Roles for the Drs2p–Cdc50p Complex in Protein Transport and Phosphatidylserine Asymmetry of the Yeast Plasma Membrane

Drs2p, a P‐type adenosine triphosphatase required for a phosphatidylserine (PS) flippase activity in the yeast trans Golgi network (TGN), was first implicated in protein trafficking by a screen for mutations synthetically lethal with arf1 ( swa ). Here, we show that SWA4 is allelic to CDC50 , encoding a membrane protein previously shown to chaperone Drs2p from the endoplasmic reticulum to the Golgi complex. We find that cdc50 Δ exhibits the same clathrin‐deficient phenotypes as drs2Δ, including delayed transport of carboxypeptidase Y to the vacuole, mislocalization of resident TGN enzymes and the accumulation of aberrant membrane structures. These trafficking defects precede appearance of cell polarity defects in cdc50 Δ, suggesting that the latter are a secondary consequence of disrupting Golgi function.

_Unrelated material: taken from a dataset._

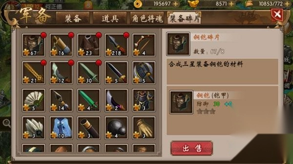 在装备碎片界面中,能够对已收集的装备碎片执行“合成”与“出售”这两项操作。

Involvement of Drs2p–Cdc50p in PS translocation suggests a role in restricting PS to the cytosolic leaflet of the Golgi and plasma membrane. Annexin V binding and papuamide B hypersensitivity indicate that drs2 Δ or cdc50 Δ causes a loss of plasma membrane PS asymmetry. However, clathrin and other endocytosis null mutants also exhibit a comparable loss of PS asymmetry, and studies with drs2‐ts and clathrin ( chc1‐ts ) conditional mutants suggest that loss of plasma membrane asymmetry is a secondary consequence of disrupting protein trafficking.